_RECORDS FOR THIS EXERCISE_:
-- Opening Marker --
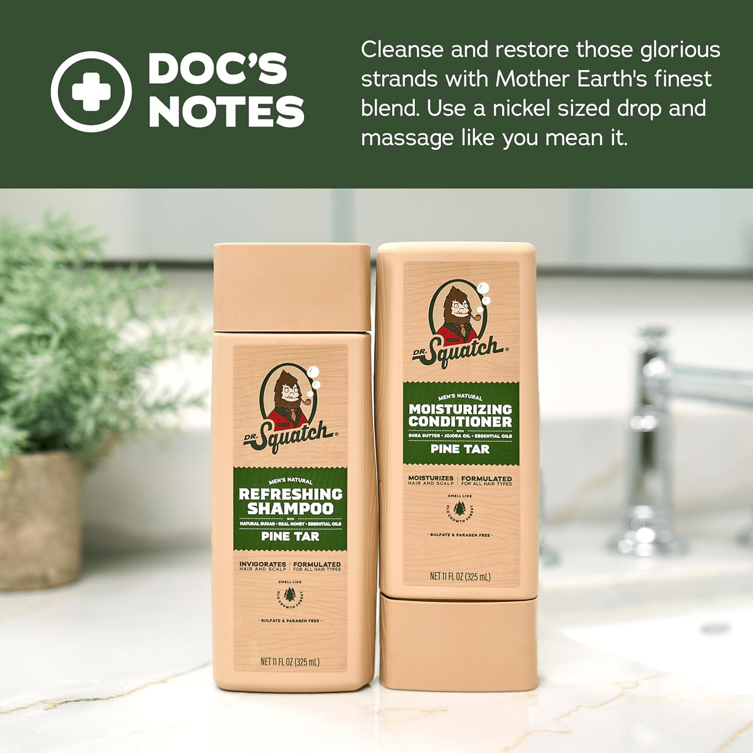 Dr. Squatch Natural Hair Bundle for Men - Healthy, Full Looking Hair - Pine Tar Shampoo (11 fl oz), Pine Tar Conditioner (11 fl oz)
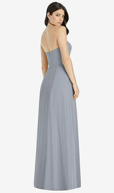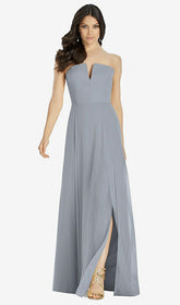 【NEW】【STYLE: 3041】ストラップレス ノッチ シフォン マキシ ドレス【COLOR: Platinum】【SIZE: 00-30W】
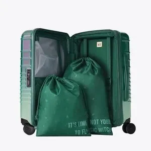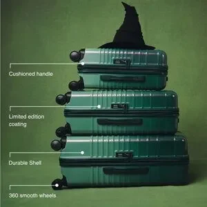 BÉIS x Wicked Collection! Here is the entire luggage set from their Wicked Collab in wicked green. The suitcases are a glossy, iridescent green with pink highlights. This was a LIMITED line that is completely SOLD OUT. The remaining items are:
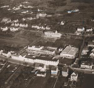 Schwarzweißfotografie. Diese Luftaufnahme zeigt die ehemalige Remynol-Fabrik (Farben und Lackfabrik) in der Vallendarer-Strasse in Bendorf, gegründet im Jahre 1863 von Friedrich Wilhelm Remy (1840-1895) auf dem Werksgelände einer ehemaligen bayrischen Bierbrauerei. Rechterhand liegt die um das Jahr 1930 entstandene Siedlung "Im Ohlenberg" und die Autobahnabfahrt auf die A 48 Richtung Trier. Im Hintergrund sind Neubergsweg und dahinter die Vierwindenhöhe zu erkennen. Die Remynol-Fabrik produzierte Bleiweiß- und Mennigeprodukte, die Remy als Rostschutz für die in seinen Eisenhütten hergestellten Metallwaren benötigte. Trotz totaler Demontage nach dem Zweiten Weltkrieg konnten die Remynol-Werke bereits 1953 wieder ein breit gefächertes Produktionsprogramm bestehend aus Bleiweiß, Bleimennige, Bleiglätte, Lacke und Rostschutzfarbe anbieten.1956 wurden die Remynol-Werke von der Firma Sanapol erworben, die wiederum in die Deutsche Akzo Coating GmbH und schließlich an PolyOne Color & Additives Germany GmbH überging. Heute liegt das Gelände brach und ein Investor plant ein neues Wohngebiet auf dem ehemaligen Firmengelände.
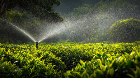 A vibrant sprinkler system efficiently waters lush green tea plants, showcasing the interaction of technology and nature in a serene landscape.
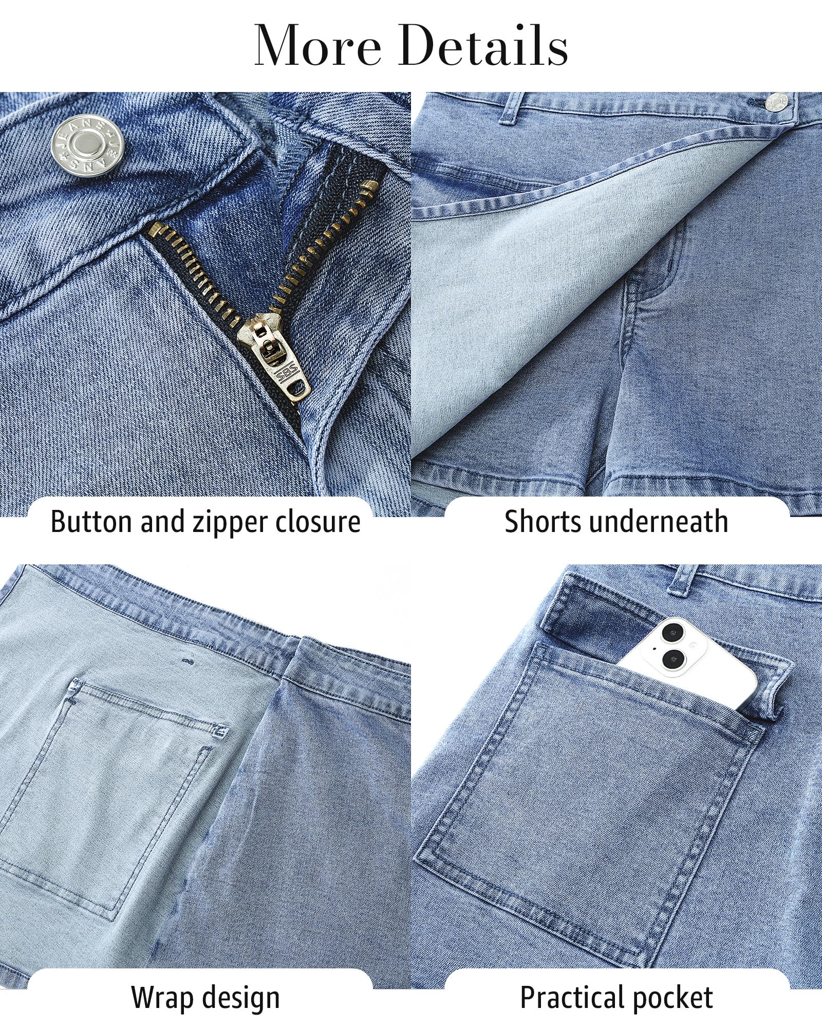 • These jean skorts have asymmetric hemline that adding visual interest and an illusion of layers. And their three practical pockets offer storage options without compromising aesthetics, allowing for convenient access to essentials.
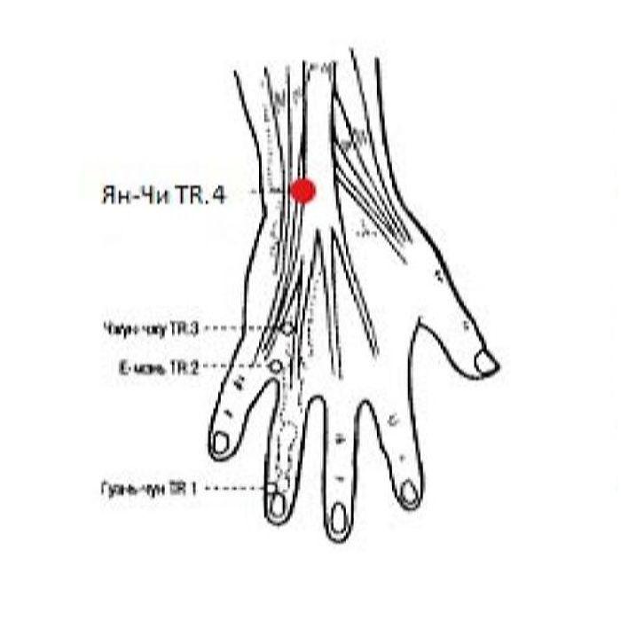 1. Основной функцией точки Ян-чи TR.4 является «распрямление сухожилий». Точка чаще всего используется при лечении локальных нарушений в области запястья.
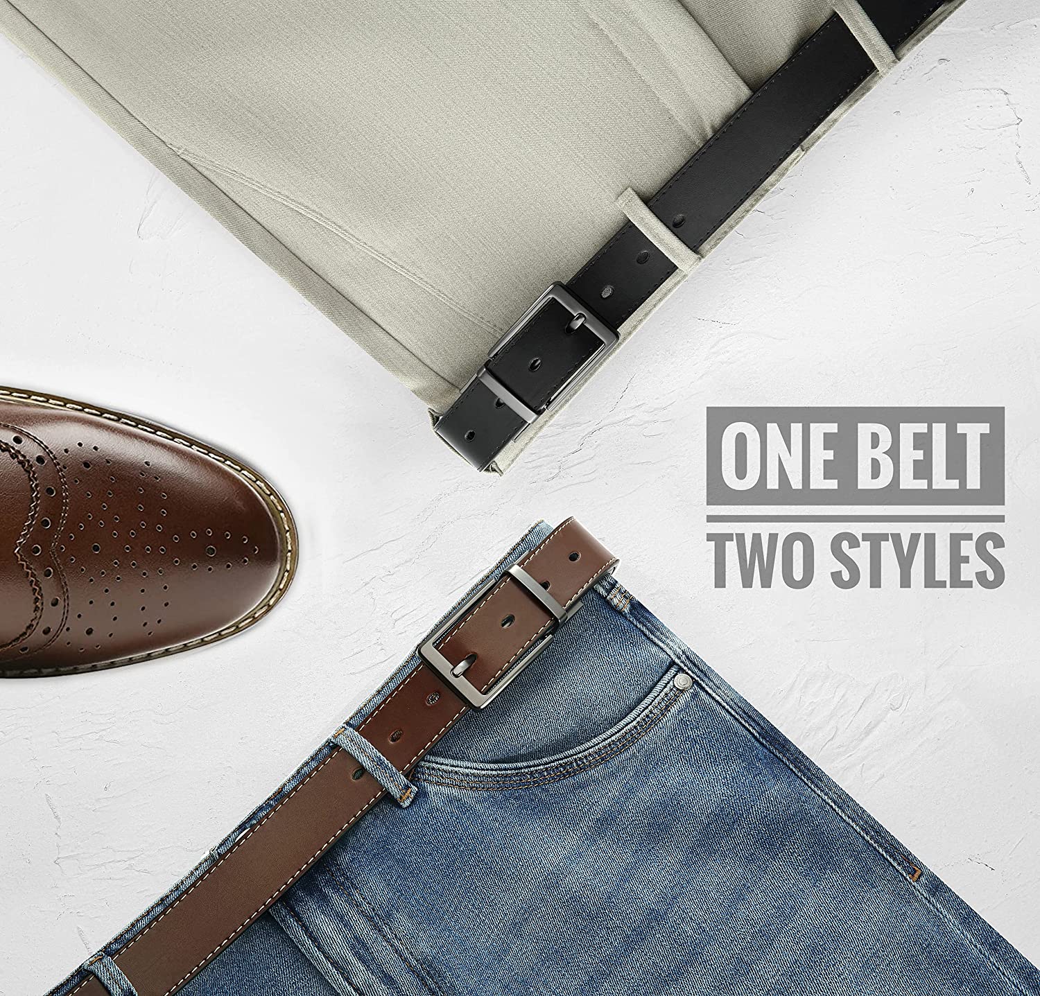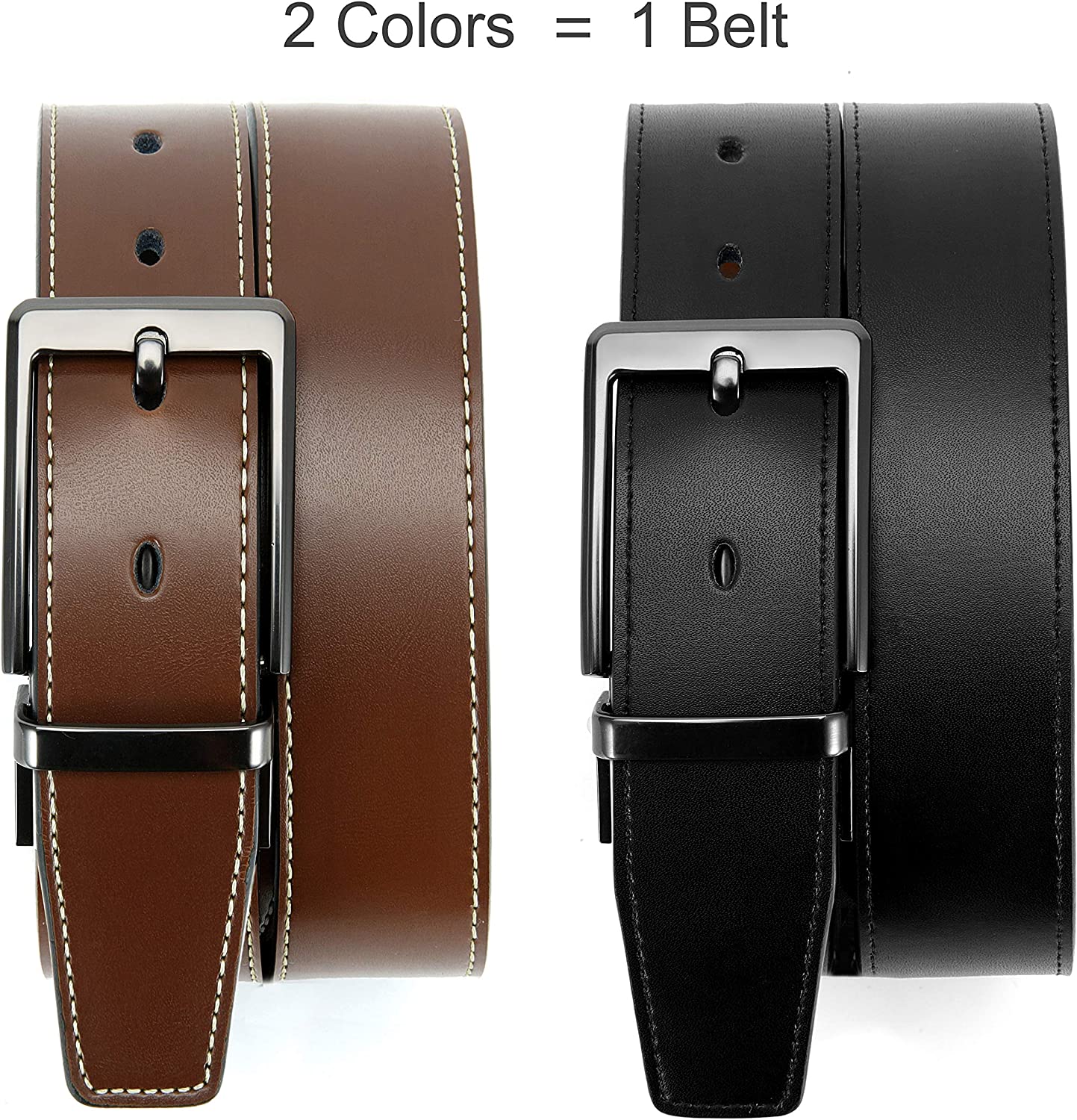 • 2-IN-1 VERSATILE STYLE - Pay for one but get two colors in one leather belt. The Classic design of the men’s belt is perfect to be paired with your favorite jeans, casual or dress pants. PERFECT FIT - Changing the design of the traditional double side, No-More-Screwdriver-Tools, you can easily trim to your exact size, especially for you with 33/35 waist.
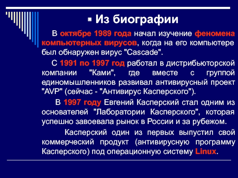 Касперский один из первых выпустил свой коммерческий продукт (антивирусную программу Касперского) под операционную систему Linux.
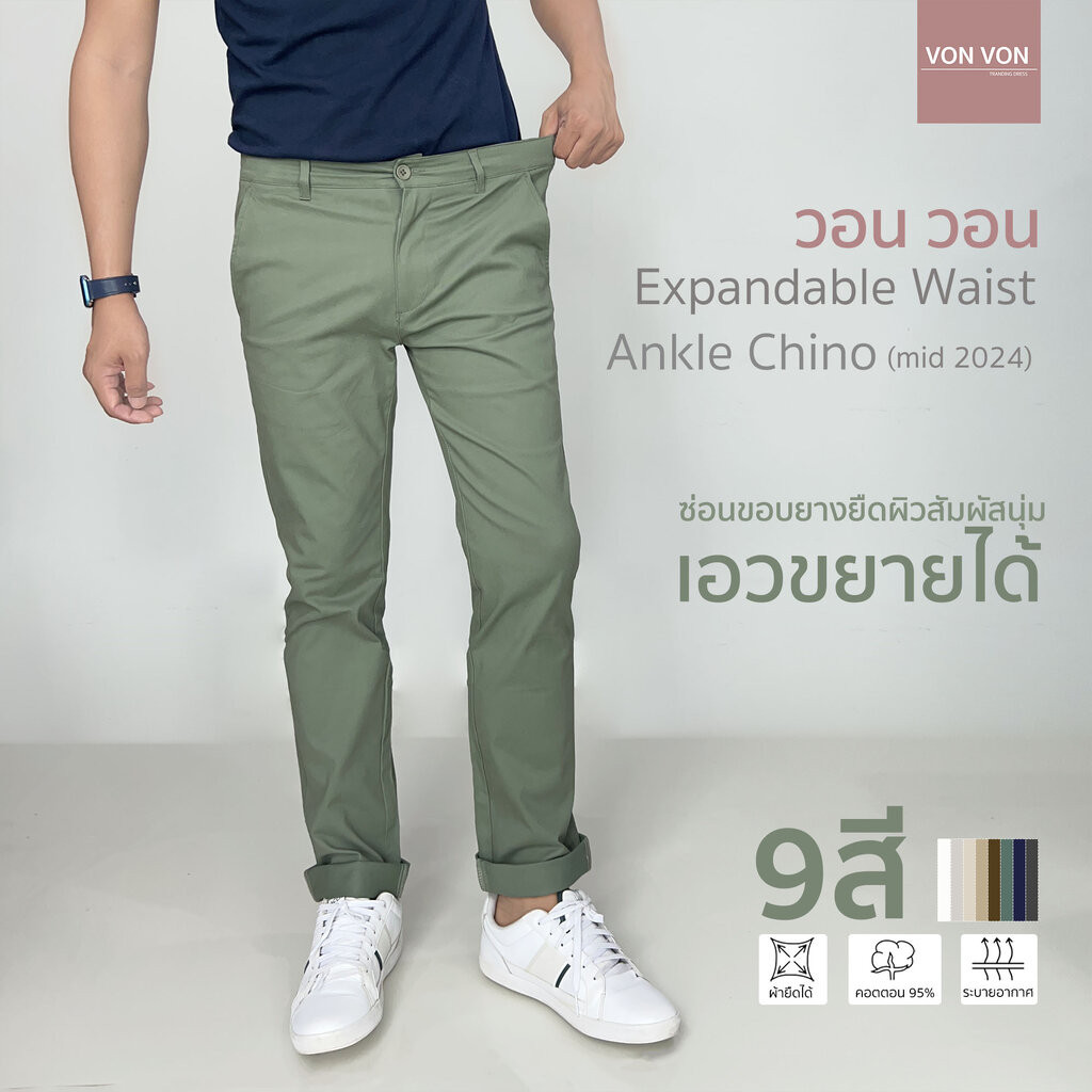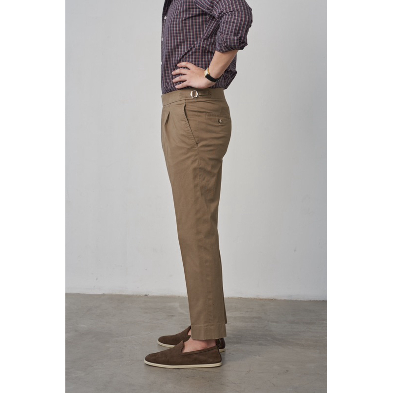 [Code20%ทักแชท] The Portland Chino Trouser สีน้ำตาล Taupe | ผ้า Cotton Stretch | ทรง Regular Fit 1 จีบ | ตัวปรับเอว
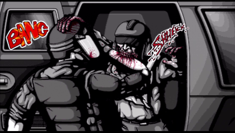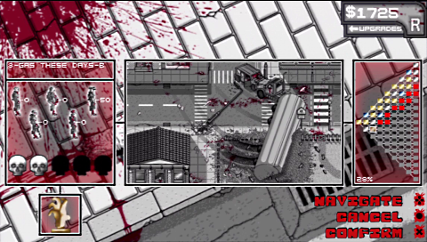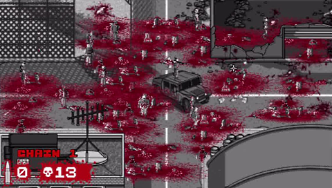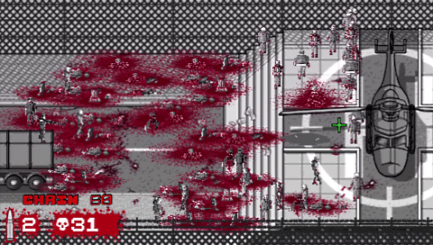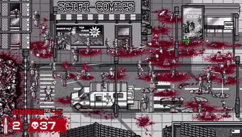 The overall style of the game is monochrome, which is again very different from the norm and is reminiscent of old zombie film classics like Night of the Living Dead. The soundtrack is very subtle, with much of the noise made by the zombies themselves! The controls are very simple even for a Minis title! You control your aiming reticule with either analogue stick or the D-pad and you fire with the X button. You are able to use the L and R shoulder buttons to see zombies health or what type of zombie they are, using a colour coded scheme.
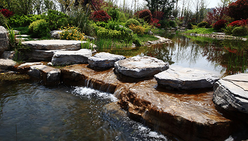 其中,人工湖面積7000平方米,小而精致,可謂是整個公園的“點睛之筆”。由親水平臺區(qū),源頭區(qū),中心湖面區(qū),鄰水生態(tài)區(qū),橋梁區(qū)構(gòu)成。湖面區(qū)域貫穿整個工程,沒有自然條件的襯托,完全由人工園林造景手法完成,在鄰水景觀帶種植睡蓮、荷花、再力花、千屈菜、鳶尾、蘆葦?shù)人参铮瑺I造生態(tài)岸線,同時選擇其他親水植物,如美人蕉、碧桃、楊柳、水杉作為過渡和背景,虛實結(jié)合,營造出多方位的景觀效果。湖面雖小,但結(jié)構(gòu)完整,假山疊水,拱橋,原石臨水橋,湖邊卵石生態(tài)群落一應(yīng)俱全。其中,景石主要使用了安徽的靈璧景石,約7000噸,堆疊出水源、暗橋、親水沿岸等景觀。
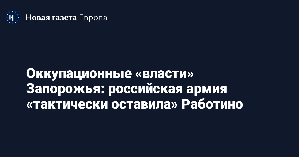 Российская армия «тактически оставила» населенный пункт Работино в Запорожской области. Об этом заявил назначенный Россией «глава» оккупированной части Запорожья Евгений Балицкий в эфире Соловьев Live.
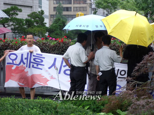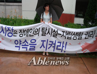 하지만 우리가 제기하는 문제에 서울시가 중앙정부 핑계를 대며 계속적으로 서울시가 '장애인자립주택'의 시범사업 조차도 불가능하다는 입장을 보인다면 어떻게 대화가 가능하겠습니까.
-- Closing Marker --
_GOAL OF THE EXERCISE_:
Images must not appear in the copy; reproduce everything else in the records verbatim.

_RESULT OF THE TASK_:
 Dr. Squatch Natural Hair Bundle for Men - Healthy, Full Looking Hair - Pine Tar Shampoo (11 fl oz), Pine Tar Conditioner (11 fl oz)
 【NEW】【STYLE: 3041】ストラップレス ノッチ シフォン マキシ ドレス【COLOR: Platinum】【SIZE: 00-30W】
 BÉIS x Wicked Collection! Here is the entire luggage set from their Wicked Collab in wicked green. The suitcases are a glossy, iridescent green with pink highlights. This was a LIMITED line that is completely SOLD OUT. The remaining items are:
 Schwarzweißfotografie. Diese Luftaufnahme zeigt die ehemalige Remynol-Fabrik (Farben und Lackfabrik) in der Vallendarer-Strasse in Bendorf, gegründet im Jahre 1863 von Friedrich Wilhelm Remy (1840-1895) auf dem Werksgelände einer ehemaligen bayrischen Bierbrauerei. Rechterhand liegt die um das Jahr 1930 entstandene Siedlung "Im Ohlenberg" und die Autobahnabfahrt auf die A 48 Richtung Trier. Im Hintergrund sind Neubergsweg und dahinter die Vierwindenhöhe zu erkennen. Die Remynol-Fabrik produzierte Bleiweiß- und Mennigeprodukte, die Remy als Rostschutz für die in seinen Eisenhütten hergestellten Metallwaren benötigte. Trotz totaler Demontage nach dem Zweiten Weltkrieg konnten die Remynol-Werke bereits 1953 wieder ein breit gefächertes Produktionsprogramm bestehend aus Bleiweiß, Bleimennige, Bleiglätte, Lacke und Rostschutzfarbe anbieten.1956 wurden die Remynol-Werke von der Firma Sanapol erworben, die wiederum in die Deutsche Akzo Coating GmbH und schließlich an PolyOne Color & Additives Germany GmbH überging. Heute liegt das Gelände brach und ein Investor plant ein neues Wohngebiet auf dem ehemaligen Firmengelände.
 A vibrant sprinkler system efficiently waters lush green tea plants, showcasing the interaction of technology and nature in a serene landscape.
 • These jean skorts have asymmetric hemline that adding visual interest and an illusion of layers. And their three practical pockets offer storage options without compromising aesthetics, allowing for convenient access to essentials.
 1. Основной функцией точки Ян-чи TR.4 является «распрямление сухожилий». Точка чаще всего используется при лечении локальных нарушений в области запястья.
 • 2-IN-1 VERSATILE STYLE - Pay for one but get two colors in one leather belt. The Classic design of the men’s belt is perfect to be paired with your favorite jeans, casual or dress pants. PERFECT FIT - Changing the design of the traditional double side, No-More-Screwdriver-Tools, you can easily trim to your exact size, especially for you with 33/35 waist.
 Касперский один из первых выпустил свой коммерческий продукт (антивирусную программу Касперского) под операционную систему Linux.
 [Code20%ทักแชท] The Portland Chino Trouser สีน้ำตาล Taupe | ผ้า Cotton Stretch | ทรง Regular Fit 1 จีบ | ตัวปรับเอว
 The overall style of the game is monochrome, which is again very different from the norm and is reminiscent of old zombie film classics like Night of the Living Dead. The soundtrack is very subtle, with much of the noise made by the zombies themselves! The controls are very simple even for a Minis title! You control your aiming reticule with either analogue stick or the D-pad and you fire with the X button. You are able to use the L and R shoulder buttons to see zombies health or what type of zombie they are, using a colour coded scheme.
 其中,人工湖面積7000平方米,小而精致,可謂是整個公園的“點睛之筆”。由親水平臺區(qū),源頭區(qū),中心湖面區(qū),鄰水生態(tài)區(qū),橋梁區(qū)構(gòu)成。湖面區(qū)域貫穿整個工程,沒有自然條件的襯托,完全由人工園林造景手法完成,在鄰水景觀帶種植睡蓮、荷花、再力花、千屈菜、鳶尾、蘆葦?shù)人参铮瑺I造生態(tài)岸線,同時選擇其他親水植物,如美人蕉、碧桃、楊柳、水杉作為過渡和背景,虛實結(jié)合,營造出多方位的景觀效果。湖面雖小,但結(jié)構(gòu)完整,假山疊水,拱橋,原石臨水橋,湖邊卵石生態(tài)群落一應(yīng)俱全。其中,景石主要使用了安徽的靈璧景石,約7000噸,堆疊出水源、暗橋、親水沿岸等景觀。
 Российская армия «тактически оставила» населенный пункт Работино в Запорожской области. Об этом заявил назначенный Россией «глава» оккупированной части Запорожья Евгений Балицкий в эфире Соловьев Live.
 하지만 우리가 제기하는 문제에 서울시가 중앙정부 핑계를 대며 계속적으로 서울시가 '장애인자립주택'의 시범사업 조차도 불가능하다는 입장을 보인다면 어떻게 대화가 가능하겠습니까.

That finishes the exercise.